Expert's Rating
Pros
- Same formula conventions as Excel
- Tabbed worksheets
- Multiple undos
- Customizable toolbars
Cons
- Handles only basic Excel cell formats
- No templates for complex calculations
- Limited capability for opening Excel documents
Our Verdict
The word processor Mariner Write 3.5 and the spreadsheet program Mariner Calc 5.2 are designed to fill a niche somewhere between their counterparts in AppleWorks and the full-featured standards, Microsoft Word and Excel. Mariner Write is a great program that easily handles most Word documents and meets a wide variety of everyday text-editing needs. Mariner Calc works equally well as a stand-alone application. But both programs don’t quite succeed when it comes to Office compatibility. (Mariner Write and Mariner Calc are available individually, or collectively in the MarinerPak bundle.)
Mariner Write 3.5
According to Mariner Software, Mariner Write contains — in a streamlined program — the 75 to 80 percent of Microsoft Word features that are most important to the average user. As such, Write is a fine application. It has almost everything that most people need to create a variety of word-processing documents — from simple tools such as text formatting, an in-line spelling checker, and an 80,000-word dictionary and thesaurus, to advanced features such as paragraph styles, user-definable toolbars, footnotes, and integration with OS X’s Services menu and AppleScript. Write can also save documents in several formats, including PDF, TXT, and Word and Mariner versions of RTF.
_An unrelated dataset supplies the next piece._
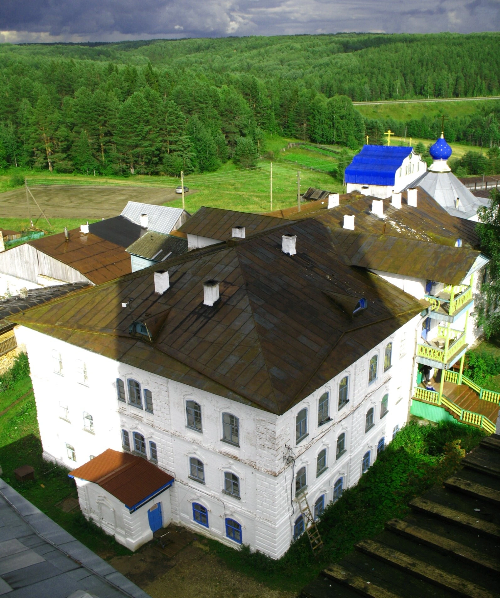 На представленной фотографии запечатлена часовня во имя Живоносного источника Божией Матери с помещением для пожарного обоза, расположенная на территории Ульяновского Свято-Троицкого Стефановского монастыря в селе Ульяново Усть-Куломского района Республики Коми.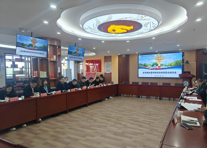根据江西省教育厅、江西省通信管理局共同印发的《关于进一步规范高等学校网络建设管理和应用服务的通知》【赣教规划字[2023]19号】要求,为深入贯彻落实国家“双高计划”建设要求,为提升校园网络基础设施水平,满足师生教学、办公及生活的网络需求,赋能教育数字化转型。2025年11月25日上午,学院在图书馆仓廪实党员活动室举行“全光网改造项目启动会及校企座谈会”。学院党委副书记、院长朱迎强,党委委员、副院长刘国红,信息中心人员、项目中标单位江西广投产业运营服务有限责任公司(以下简称“江西广投”)代表以及三大运营商负责人共同参加会议。会议由刘国红主持。

Write neatly handled nearly every Word document we threw at it, at least in terms of formatted text. The program easily interpreted a variety of Word’s paragraph styles and footnotes with no problem whatsoever — a capability that the similarly priced and focused Nisus Writer Express (
; January 2004) doesn’t have. Write did have one peculiarity: its Style menu didn’t recognize paragraph styles in imported documents. As a result, the menu always displayed No Style as the paragraph style. By contrast, AppleWorks can both interpret and recognize styles.Write’s performance when dealing with graphics embedded in documents left much to be desired. Write couldn’t display images placed in-line with text in files saved in Word. And if the image had text wrapped around it, Write displayed a file I/O error message and then required a force-quit. Similarly, images saved in Write documents were missing when we opened those documents in Word. AppleWorks handles these issues, too, without a hitch.
Mariner Calc 5.2
For people who need spreadsheet capabilities but not true integration with Microsoft Excel, Mariner Calc is an excellent alternative. With more than 140 built-in formulas, tabbed worksheets that can contain 32,000 by 32,000 cells, customizable toolbars, multiple undos, and graphing capabilities, Calc makes perfect sense for many basic spreadsheets.
Calc uses the same formula conventions as Excel; if you type =SUM(E3:E40)*0.1 in a cell, for example, Calc will display 10 percent of the sum of cells E3 through E40. But because Calc doesn’t ship with the templates or assistants you’ll find in Excel and AppleWorks, you’ll need to have a pretty firm grip on Calc’s formulas if you want to manipulate data in a complex manner.
Graphing in Calc works well, but it’s a bit counterintuitive. In most spreadsheet programs, you select the range of rows and columns that you want in your graph and then create the graph. In Calc, you can select only one column of data, from which Calc then attempts to determine the legend information. This worked perfectly in spreadsheets that had graph information in neighboring cells. But if the information is a few cells away, Calc uses its own naming conventions, which you must edit after the fact. Also, if you attempt to select two columns of data, Calc gets confused and creates a blank graph.
Calc was particularly weak when opening Excel files. The program maintained many basic text formats, such as bold and italic type, but it dropped number formats completely; we had to reinsert currency and decimal formatting after opening the Excel document. Also, if your spreadsheet includes any formulas Calc doesn’t support, that information is lost completely. AppleWorks again had no problems converting any of the documents we tested.
Macworld’s Buying Advice
As stand-alone programs that provide the features most users actually need, without the powerful (and expensive) features in Microsoft Word and Excel, both Mariner Write 3.5 and Mariner Calc 5.2 perform perfectly. They can ably handle most day-to-day word processing and spreadsheet tasks. But when viewed from the perspective of interoperability with Word and Excel, Write and Calc are overshadowed by the more feature-rich and considerably less expensive AppleWorks.